Yes, the heavy water was done at LIJ, under Dr. Rai. I participated in that. The only ‘inconvenience’ was getting the scheduled blood draws done since my access to local blood draws was a little convoluted, but I did manage and LIJ sent me Fed Ex, pre addressed envelopes to use. There were no side effects. Also, if one is flying home from the trial site you may want to have them ship the ‘box’ of heavy water….first, it’s heavy, and secondly, not sure what airport xray might do to the ‘water’. or if they’d even let you on the plane with it. I’ve found differences in airports when it comes to medications in general, over the 3oz etc. NY was fine, but Minneapolis required a pat down. citing my ‘medications’ as a reason. It may depend on the individual TSA agent one gets.
Thanks Chaya, for everything. Beth
Dear Chaya –
This time of year I count my blessings and update my gratitude list. Please know Chaya that you hold a place of prominence on my gratitude list. Words are inadequate to fully express the appreciation I feel (and that you deserve) for your very special (and unique) contribution to the entire CLL community.
You are one of the good souls that help to make this a better world. May 2012 bring you and your family many blessings and much joy.
Regards – Patti
Thanks, Chaya, for all the very informative updates.
Wishing you the very best in the New Year.
Monique
Thank you Chaya for the updates.
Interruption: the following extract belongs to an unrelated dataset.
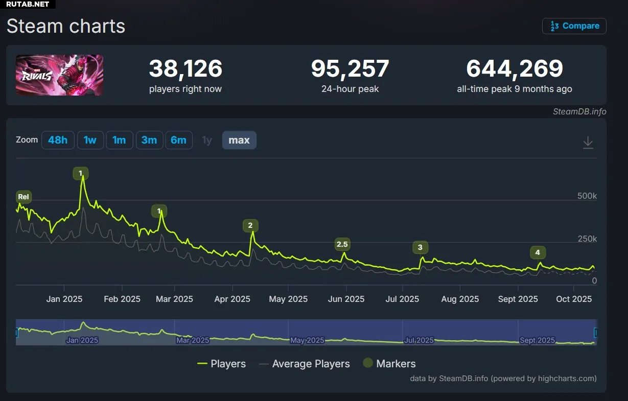 Напомним, релиз Marvel Rivals в Steam состоялся в декабре 2024 года. Тогда пиковый онлайн достиг 480 990 человек. Абсолютный рекорд — 644 269 игроков одновременно — был установлен в январе 2025 года. Таким образом, за менее чем год шутер потерял около 85% своей аудитории.
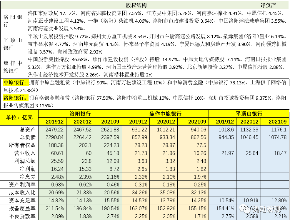 從公開披露的信息來看,三家被合并銀行的股權(quán)關(guān)系比較復(fù)雜,民營成分較濃,同時其資產(chǎn)質(zhì)量均比較一般。例如截至2021年9月,洛陽銀行、焦作中旅銀行與平頂山銀行的不良貸款率分別為2.74%、1.71%和2.21%,而撥備覆蓋率僅分別為190.54%、155.15%和161.69%,整體實力偏弱。

This is indeed good news.
Thank you for your fantastic work.
Your love and devotin to P.C. Vankat is incommensurable.
He is proud of you.
Best wishes for 2012.
Chaya,
Best wishes in the new year. Maybe we will reconnect in Niagara Falls.
Stay strong
Brian
Just gratitude for your articles, which I forward to an appreciative haematologist: he claims to learn a lot, also from following various links indicated. Also grateful thanks for keeping me sane; happy New Year, Godt Nytt AAr from Mette
Adding my thanks for all you do for the CLL community.
Yes your wonderful lucid explanations are a real help. The vibe of this whole site it right on.
I participated in an NIH trial for low dose Rituxin several years ago and liked the way it was handled, despite the fact that it did not work for me. I was reimbursed for most of my travel expenses by NIH
Happy New Year to Y’All
Chaya, you and your Family are our knights in shining armour, thanks so much for fighting for us.
I’m traveling back to the US this week to discuss this trial and the Natural History with the goal of entering one at that time. I’m having periodic night sweats and platelets in the low 100’s or high 90’s depending on the day. I also have a p53 mutation so Dr. Farooqui said they would take a CBC, exam and then we can discuss which way to go. He said one would have to meet the IWCLL criteria for treatment despite the fact it is not explicity published on the trial inclusion criteria. I’ll write more after the meeting.
My husband signed the consent forms for the PCI-32765 trial but it was to be conducted in Columbus Ohio. The trial, I believe has begun. We were waiting to hear from the trial coordinator so we could make our plans to head to Columbus, but we received a call last week stating that he was not qualified for the trial. For safety reasons, they decided not to include any patients with Richters in this current study. It was a heartbreaking call, but we are looking for other trials now.
I recently met with the NIH CLL team and will sign into this protocol along with the heavy water study in late Feb/early March.
Here are a few of the pertinent details:
I’m 33 with a p53 mutation, unmutated IGVH, low platelets around 100 and most recently, mild to severe night sweats depending on the night.
I agreed to every request including a CT, pre/post BMB, lymph node excision and core need biopsy (some related to heavy water; some to to PCI)
Study should meet its recruitment goal of 64 sometime late this year (between August and December I would say) and I’m number 4 so far.
Monitoring will occur on day 1 and 2 of PCI, day 14, day 28 and every 28 days later until the end of cycle 6 (one cycle is 28 days). From there, you continue if the drug works and the company is still in business although there is mention of a possible 3 month break at the end of the study. I’m not clear on that point right now. Honestly, I don’t think they’ve thought that far out about it yet. It sounds like some of the monitoring can be done from home later into the protocol.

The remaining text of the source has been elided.